(Bloomberg) -- Iran expects an oil tanker seized by the U.K. in the Strait of Gibraltar in July will be released soon, the semi-official Fars News agency reported Tuesday, a move that could help to ease concerns about the safety of shipping routes in the Middle East.
“Official and unofficial documents have been exchanged to resolve the matter and we hope the problem will be dealt with in the very near future,” Fars cited Jalil Eslami, deputy for maritime affairs at Iran’s Ports and Maritime Organization, as saying. The future of a U.K.-flagged tanker that Iran seized later in the Persian Gulf depends on “the necessary judicial processes,” Eslami added.
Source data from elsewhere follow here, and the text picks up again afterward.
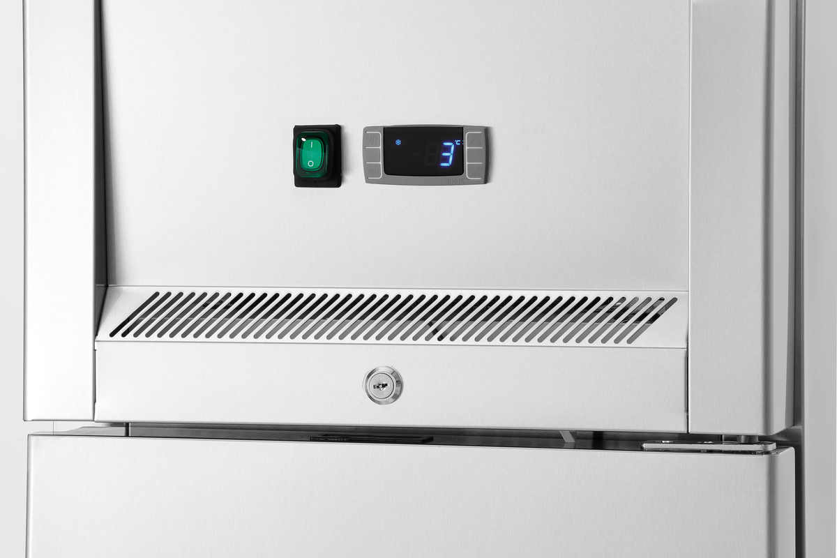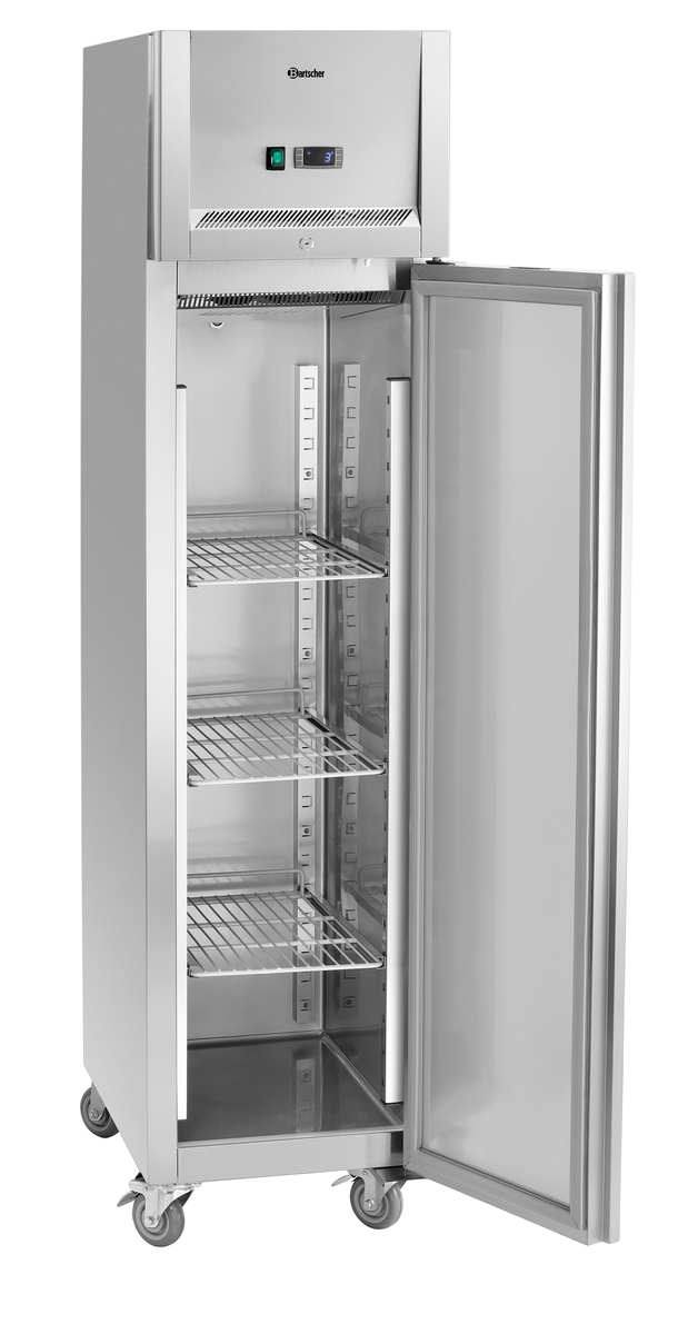 The Gastronorm refrigerator is designed with 4 swivel castors, making it particularly space-saving due to the lengthwise insertion of the shelves. The height-adjustable shelves provide ample space for 1/1 GN and 1/2 GN prepared containers.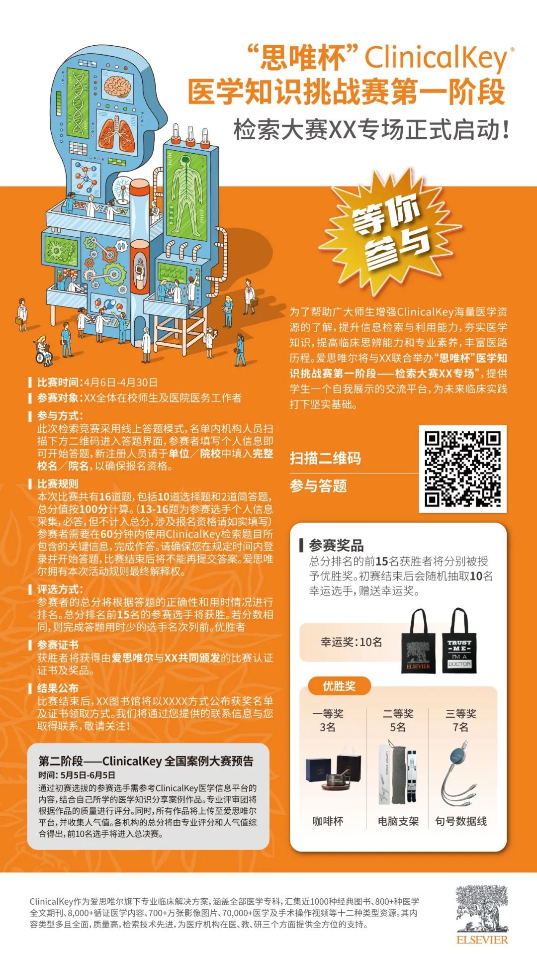 为了帮助广大师生增强ClinicalKey海量医学资源的了解,提升信息检索与利用能力,夯实医学知识,提高临床思辨能力和专业素养,丰富医路历程。爱思唯尔将与XX联合举办“思唯杯”ClinicalKey医学知识挑战赛第一阶段—— 检索大赛上海健康医学院专场”,提供学生一个自我展示的交流平台,为未来临床实践打下坚实基础。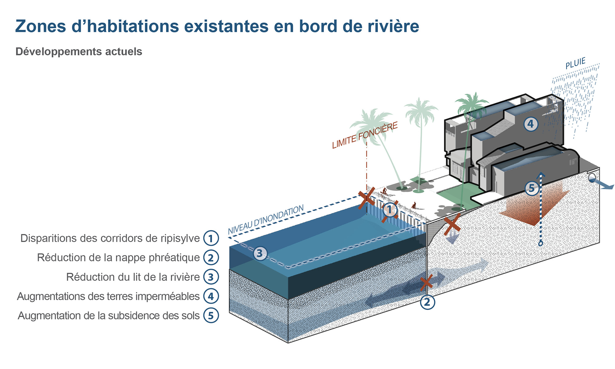 Les travaux de stabilisation et de contrôle de l’érosion entrepris par les autorités ont également d’autres effets à considérer. La bétonisation des berges élimine les opportunités pour la faune et la végétation de s’installer, créant ainsi un écotone stérile. Ces palplanches profondes de 20 à 30 m empêchent également les connexions avec la nappe phréatique, confinant l’aquifère derrière les murs. La construction des berges, couplée à leur élévation par des remblais, limite la capacité du fleuve à s’élargir en cas d’inondations. Le manque de surfaces perméables et la surexploitation de l’aquifère par des pompages locaux provoquent un tassement irréversible des sols, rendant les quartiers situés aux points les plus bas encore plus vulnérables aux inondations. Enfin, ces nouveaux sols imperméables vont réduire l’infiltration des eaux, augmenter le risque de ruissellement, et de saturation des réseaux de drainage urbains, favorisant ainsi les phénomènes locaux de crues soudaines.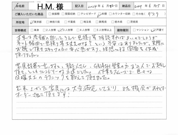 出来上がった家具には大変満足しており、また機会があればオーダーさせて頂きます!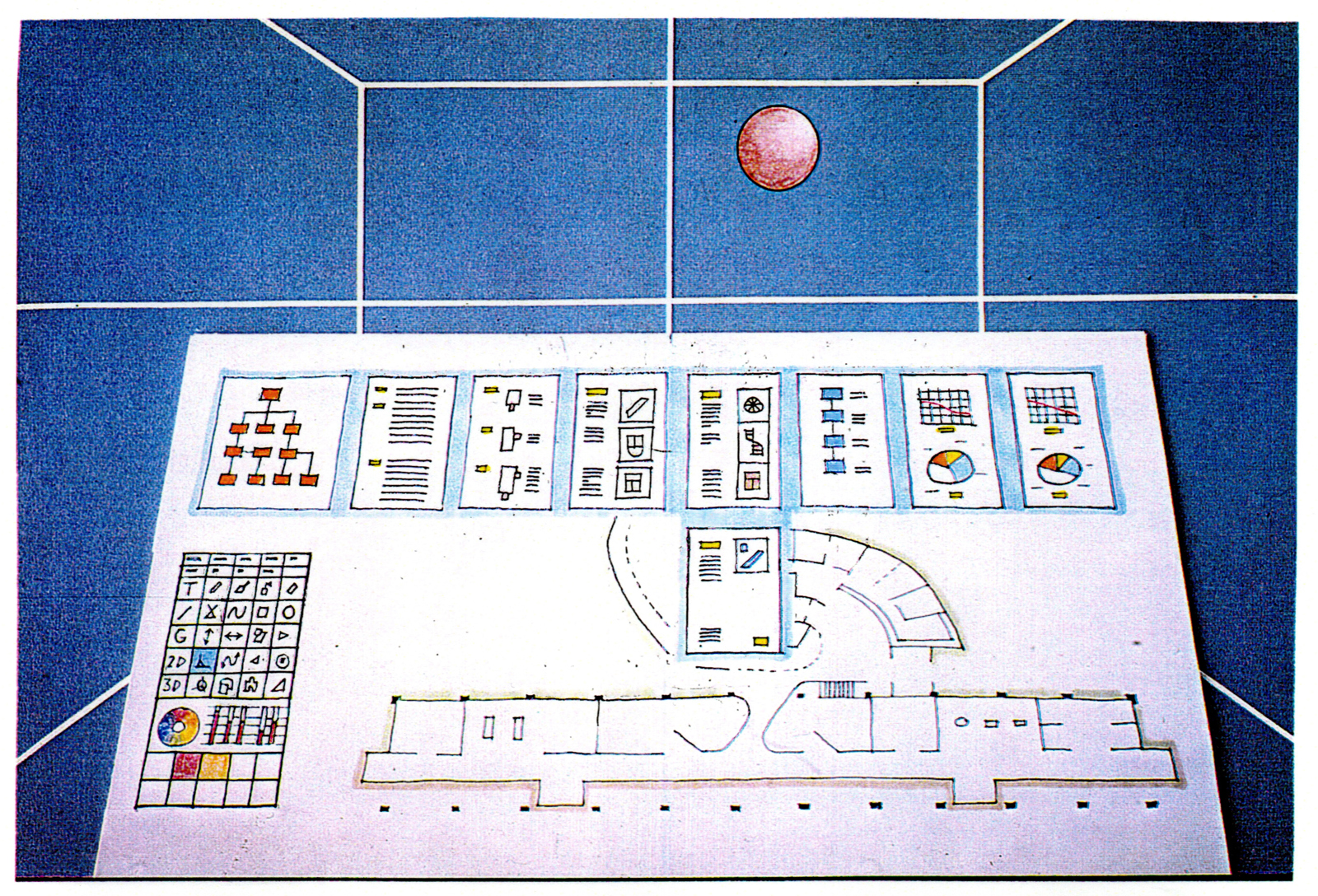 Hovedkomponentene i systemet. Bakerst: Et digitalt tegnebord med oppløsning som en fotosetter og ubegrensede fargemuligheter. Midt høyre: Datamaskin med tilstrekkelig ytelse og eksterne lagringsmedier. Midt venstre: kombinert plotter og skanner med samme oppløsning og fargekvalitet som tegnebordet. Foran venstre: industrirobot for modellbygging. Foran høyre: holografisk prosjektør for tredimensjonale modellstudier.

Iran’s Grace 1 tanker was seized by the Royal Navy on suspicion it was sending crude oil to Syria in violation of European Union sanctions. Tehran denied breaking sanctions and two weeks later impounded the U.K.-flagged Stena Impero near the Strait of Hormuz, the world’s most important chokepoint for oil.
Gibraltar’s Supreme Court is scheduled to hold its next hearing on the vessel on Thursday, according to the official Gibraltar news service in Spain. The current detention order for the ship expires late on Saturday, local media reported. A spokesperson for the U.K. Foreign Office said that the “ongoing investigation” into the Grace 1 was a matter for Gibraltar authorities.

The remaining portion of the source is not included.